— ASSIGNED TASK —
From the entries below, please output exactly the lines starting at the one containing "Lab 2 Basic" and ending at the one containing "北京时间10月10日,根据N", both included.

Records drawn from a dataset
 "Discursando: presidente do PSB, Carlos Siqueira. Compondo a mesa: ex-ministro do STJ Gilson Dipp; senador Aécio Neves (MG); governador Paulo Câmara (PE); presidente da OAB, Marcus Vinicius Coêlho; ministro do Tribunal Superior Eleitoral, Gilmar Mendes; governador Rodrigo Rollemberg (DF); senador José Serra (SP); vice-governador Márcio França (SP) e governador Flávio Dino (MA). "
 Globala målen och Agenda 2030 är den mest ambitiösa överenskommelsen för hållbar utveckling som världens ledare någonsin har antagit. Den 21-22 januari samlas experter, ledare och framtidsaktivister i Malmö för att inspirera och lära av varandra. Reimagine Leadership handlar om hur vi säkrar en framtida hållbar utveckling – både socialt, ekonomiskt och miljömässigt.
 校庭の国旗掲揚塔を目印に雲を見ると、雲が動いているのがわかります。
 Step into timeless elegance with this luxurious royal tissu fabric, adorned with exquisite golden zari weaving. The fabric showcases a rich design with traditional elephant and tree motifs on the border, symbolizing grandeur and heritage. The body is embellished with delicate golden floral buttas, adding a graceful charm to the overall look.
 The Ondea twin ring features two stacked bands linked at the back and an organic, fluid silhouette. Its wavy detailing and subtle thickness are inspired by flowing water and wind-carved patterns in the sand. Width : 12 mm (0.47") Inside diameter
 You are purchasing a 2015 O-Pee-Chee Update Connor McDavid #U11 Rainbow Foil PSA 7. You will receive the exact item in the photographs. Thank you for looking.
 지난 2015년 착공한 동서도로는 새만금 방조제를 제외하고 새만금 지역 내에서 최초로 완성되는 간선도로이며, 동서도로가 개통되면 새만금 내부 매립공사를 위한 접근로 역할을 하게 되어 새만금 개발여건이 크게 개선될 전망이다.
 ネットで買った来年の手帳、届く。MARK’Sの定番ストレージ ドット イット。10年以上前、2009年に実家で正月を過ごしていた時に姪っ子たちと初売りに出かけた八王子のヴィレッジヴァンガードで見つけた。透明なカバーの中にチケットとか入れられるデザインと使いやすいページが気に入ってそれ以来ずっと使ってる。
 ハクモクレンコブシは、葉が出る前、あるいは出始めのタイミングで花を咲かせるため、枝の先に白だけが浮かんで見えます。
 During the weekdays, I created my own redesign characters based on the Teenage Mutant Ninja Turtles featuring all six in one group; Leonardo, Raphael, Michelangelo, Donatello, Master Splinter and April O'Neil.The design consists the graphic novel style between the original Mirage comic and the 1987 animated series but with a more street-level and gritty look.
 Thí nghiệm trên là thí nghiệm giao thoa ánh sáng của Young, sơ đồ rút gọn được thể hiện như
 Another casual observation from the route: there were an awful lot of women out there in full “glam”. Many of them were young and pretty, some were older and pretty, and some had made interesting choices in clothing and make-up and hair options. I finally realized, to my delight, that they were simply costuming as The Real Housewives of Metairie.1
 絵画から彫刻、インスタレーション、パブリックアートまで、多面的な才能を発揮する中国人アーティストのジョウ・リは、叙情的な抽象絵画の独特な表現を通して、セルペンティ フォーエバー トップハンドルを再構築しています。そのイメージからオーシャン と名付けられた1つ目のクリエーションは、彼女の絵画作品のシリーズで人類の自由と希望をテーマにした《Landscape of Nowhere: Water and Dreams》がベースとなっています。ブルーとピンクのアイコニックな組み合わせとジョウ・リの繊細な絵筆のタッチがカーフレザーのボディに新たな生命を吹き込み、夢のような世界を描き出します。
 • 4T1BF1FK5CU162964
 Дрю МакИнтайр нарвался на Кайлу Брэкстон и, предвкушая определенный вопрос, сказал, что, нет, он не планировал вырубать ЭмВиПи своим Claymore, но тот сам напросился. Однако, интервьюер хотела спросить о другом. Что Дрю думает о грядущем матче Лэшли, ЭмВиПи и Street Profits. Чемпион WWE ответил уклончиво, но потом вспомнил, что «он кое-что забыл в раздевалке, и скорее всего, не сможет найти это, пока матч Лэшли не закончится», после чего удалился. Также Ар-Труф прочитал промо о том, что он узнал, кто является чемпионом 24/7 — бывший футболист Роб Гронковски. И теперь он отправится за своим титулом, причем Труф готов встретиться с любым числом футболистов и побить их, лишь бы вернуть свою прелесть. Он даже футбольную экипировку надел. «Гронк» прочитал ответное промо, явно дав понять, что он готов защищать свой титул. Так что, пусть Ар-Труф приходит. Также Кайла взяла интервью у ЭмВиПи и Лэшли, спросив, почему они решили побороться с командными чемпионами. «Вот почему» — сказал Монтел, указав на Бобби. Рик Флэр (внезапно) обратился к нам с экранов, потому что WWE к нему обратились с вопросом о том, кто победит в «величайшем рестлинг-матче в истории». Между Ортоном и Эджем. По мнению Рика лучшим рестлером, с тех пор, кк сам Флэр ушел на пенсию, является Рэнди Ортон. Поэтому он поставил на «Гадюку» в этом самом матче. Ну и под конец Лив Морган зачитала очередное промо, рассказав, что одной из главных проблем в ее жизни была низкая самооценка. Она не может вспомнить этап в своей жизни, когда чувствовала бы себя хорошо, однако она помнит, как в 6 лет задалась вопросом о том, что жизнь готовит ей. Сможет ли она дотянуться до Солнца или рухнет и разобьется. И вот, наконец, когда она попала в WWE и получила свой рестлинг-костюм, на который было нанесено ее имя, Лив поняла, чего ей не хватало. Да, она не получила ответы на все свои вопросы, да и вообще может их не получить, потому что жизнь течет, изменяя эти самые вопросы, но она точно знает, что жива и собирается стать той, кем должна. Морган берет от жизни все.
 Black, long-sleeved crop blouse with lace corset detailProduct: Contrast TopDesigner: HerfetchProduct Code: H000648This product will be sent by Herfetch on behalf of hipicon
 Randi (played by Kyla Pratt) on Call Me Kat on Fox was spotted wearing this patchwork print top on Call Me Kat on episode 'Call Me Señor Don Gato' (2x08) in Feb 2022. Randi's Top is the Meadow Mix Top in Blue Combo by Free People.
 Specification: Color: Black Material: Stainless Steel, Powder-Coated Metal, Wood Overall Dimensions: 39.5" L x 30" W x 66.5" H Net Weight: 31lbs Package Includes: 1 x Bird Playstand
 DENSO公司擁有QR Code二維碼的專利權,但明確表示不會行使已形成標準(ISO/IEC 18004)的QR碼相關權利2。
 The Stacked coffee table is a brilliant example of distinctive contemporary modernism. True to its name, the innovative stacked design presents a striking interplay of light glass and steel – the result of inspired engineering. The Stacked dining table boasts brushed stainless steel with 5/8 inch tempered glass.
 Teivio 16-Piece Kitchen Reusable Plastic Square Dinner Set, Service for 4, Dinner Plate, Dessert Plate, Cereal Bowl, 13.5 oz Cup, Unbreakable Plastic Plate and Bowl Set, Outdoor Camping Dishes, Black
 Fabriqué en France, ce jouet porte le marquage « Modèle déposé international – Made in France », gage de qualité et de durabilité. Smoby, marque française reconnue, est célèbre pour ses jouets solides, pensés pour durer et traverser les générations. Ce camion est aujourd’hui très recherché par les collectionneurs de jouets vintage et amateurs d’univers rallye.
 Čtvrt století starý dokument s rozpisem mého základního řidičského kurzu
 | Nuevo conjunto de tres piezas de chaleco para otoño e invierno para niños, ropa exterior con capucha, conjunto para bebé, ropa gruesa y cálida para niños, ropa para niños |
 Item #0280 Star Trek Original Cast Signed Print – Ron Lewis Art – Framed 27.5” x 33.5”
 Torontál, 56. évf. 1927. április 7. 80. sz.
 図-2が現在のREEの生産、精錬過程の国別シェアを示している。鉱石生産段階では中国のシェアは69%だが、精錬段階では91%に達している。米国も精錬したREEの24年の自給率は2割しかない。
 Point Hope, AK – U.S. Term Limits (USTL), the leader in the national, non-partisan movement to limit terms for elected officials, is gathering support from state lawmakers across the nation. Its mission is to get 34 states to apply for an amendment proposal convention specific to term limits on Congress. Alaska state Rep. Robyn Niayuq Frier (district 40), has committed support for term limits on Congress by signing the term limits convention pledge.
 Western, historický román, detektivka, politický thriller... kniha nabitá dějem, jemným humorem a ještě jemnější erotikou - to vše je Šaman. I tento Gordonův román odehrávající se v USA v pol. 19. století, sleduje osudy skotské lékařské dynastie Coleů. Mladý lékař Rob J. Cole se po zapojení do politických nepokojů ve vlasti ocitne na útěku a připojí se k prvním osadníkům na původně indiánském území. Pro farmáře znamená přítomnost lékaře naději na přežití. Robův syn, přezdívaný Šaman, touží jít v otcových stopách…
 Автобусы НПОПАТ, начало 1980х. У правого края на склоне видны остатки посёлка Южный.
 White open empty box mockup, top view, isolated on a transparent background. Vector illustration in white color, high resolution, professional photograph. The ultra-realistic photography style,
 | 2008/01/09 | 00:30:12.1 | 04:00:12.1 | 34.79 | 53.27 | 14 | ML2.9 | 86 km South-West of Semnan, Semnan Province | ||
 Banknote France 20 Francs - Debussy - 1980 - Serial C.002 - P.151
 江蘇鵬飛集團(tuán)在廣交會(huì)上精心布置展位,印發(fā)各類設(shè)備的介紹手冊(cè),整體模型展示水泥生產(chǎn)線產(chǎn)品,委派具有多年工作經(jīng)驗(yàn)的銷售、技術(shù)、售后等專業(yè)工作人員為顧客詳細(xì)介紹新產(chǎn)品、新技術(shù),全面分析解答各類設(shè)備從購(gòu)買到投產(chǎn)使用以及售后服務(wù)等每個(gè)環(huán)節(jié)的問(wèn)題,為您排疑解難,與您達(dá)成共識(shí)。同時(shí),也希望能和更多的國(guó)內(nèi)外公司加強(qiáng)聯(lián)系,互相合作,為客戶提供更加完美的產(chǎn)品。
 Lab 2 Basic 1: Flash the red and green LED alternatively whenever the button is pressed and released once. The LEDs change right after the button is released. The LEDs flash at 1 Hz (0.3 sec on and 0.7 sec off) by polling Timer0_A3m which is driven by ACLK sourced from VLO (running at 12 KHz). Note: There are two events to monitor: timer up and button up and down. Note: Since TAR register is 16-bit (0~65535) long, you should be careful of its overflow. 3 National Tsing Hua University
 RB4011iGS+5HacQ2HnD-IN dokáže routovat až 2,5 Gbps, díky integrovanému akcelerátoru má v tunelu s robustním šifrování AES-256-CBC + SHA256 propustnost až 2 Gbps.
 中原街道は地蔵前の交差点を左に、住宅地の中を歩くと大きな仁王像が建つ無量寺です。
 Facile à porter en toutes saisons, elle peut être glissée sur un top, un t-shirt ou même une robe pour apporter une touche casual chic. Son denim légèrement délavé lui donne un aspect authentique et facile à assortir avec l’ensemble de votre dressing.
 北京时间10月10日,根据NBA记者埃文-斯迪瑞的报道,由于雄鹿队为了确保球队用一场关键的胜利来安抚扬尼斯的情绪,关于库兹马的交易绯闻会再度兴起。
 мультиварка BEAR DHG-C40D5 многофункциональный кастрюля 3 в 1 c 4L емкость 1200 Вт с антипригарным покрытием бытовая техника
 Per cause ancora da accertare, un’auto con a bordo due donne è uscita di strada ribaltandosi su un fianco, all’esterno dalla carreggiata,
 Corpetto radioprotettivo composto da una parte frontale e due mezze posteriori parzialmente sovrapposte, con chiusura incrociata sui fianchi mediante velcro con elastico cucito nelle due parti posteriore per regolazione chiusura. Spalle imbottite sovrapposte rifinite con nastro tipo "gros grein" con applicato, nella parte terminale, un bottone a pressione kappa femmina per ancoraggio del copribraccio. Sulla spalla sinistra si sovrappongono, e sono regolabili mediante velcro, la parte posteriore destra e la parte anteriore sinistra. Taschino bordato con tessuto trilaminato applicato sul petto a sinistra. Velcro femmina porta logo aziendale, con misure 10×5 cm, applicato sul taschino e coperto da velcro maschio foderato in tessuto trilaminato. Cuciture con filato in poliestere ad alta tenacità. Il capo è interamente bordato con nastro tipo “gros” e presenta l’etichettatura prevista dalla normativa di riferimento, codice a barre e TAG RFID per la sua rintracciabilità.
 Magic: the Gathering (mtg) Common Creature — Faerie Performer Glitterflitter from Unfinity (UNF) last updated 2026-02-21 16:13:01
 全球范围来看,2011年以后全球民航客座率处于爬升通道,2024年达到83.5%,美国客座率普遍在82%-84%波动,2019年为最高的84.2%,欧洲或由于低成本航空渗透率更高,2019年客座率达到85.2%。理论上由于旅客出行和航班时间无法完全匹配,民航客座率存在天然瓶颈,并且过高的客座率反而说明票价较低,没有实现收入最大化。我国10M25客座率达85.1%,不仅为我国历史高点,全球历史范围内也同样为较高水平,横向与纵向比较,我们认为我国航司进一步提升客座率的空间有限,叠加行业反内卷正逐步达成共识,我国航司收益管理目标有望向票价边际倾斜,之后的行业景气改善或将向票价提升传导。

— REPLY —
 Lab 2 Basic 1: Flash the red and green LED alternatively whenever the button is pressed and released once. The LEDs change right after the button is released. The LEDs flash at 1 Hz (0.3 sec on and 0.7 sec off) by polling Timer0_A3m which is driven by ACLK sourced from VLO (running at 12 KHz). Note: There are two events to monitor: timer up and button up and down. Note: Since TAR register is 16-bit (0~65535) long, you should be careful of its overflow. 3 National Tsing Hua University
 RB4011iGS+5HacQ2HnD-IN dokáže routovat až 2,5 Gbps, díky integrovanému akcelerátoru má v tunelu s robustním šifrování AES-256-CBC + SHA256 propustnost až 2 Gbps.
 中原街道は地蔵前の交差点を左に、住宅地の中を歩くと大きな仁王像が建つ無量寺です。
 Facile à porter en toutes saisons, elle peut être glissée sur un top, un t-shirt ou même une robe pour apporter une touche casual chic. Son denim légèrement délavé lui donne un aspect authentique et facile à assortir avec l’ensemble de votre dressing.
 北京时间10月10日,根据NBA记者埃文-斯迪瑞的报道,由于雄鹿队为了确保球队用一场关键的胜利来安抚扬尼斯的情绪,关于库兹马的交易绯闻会再度兴起。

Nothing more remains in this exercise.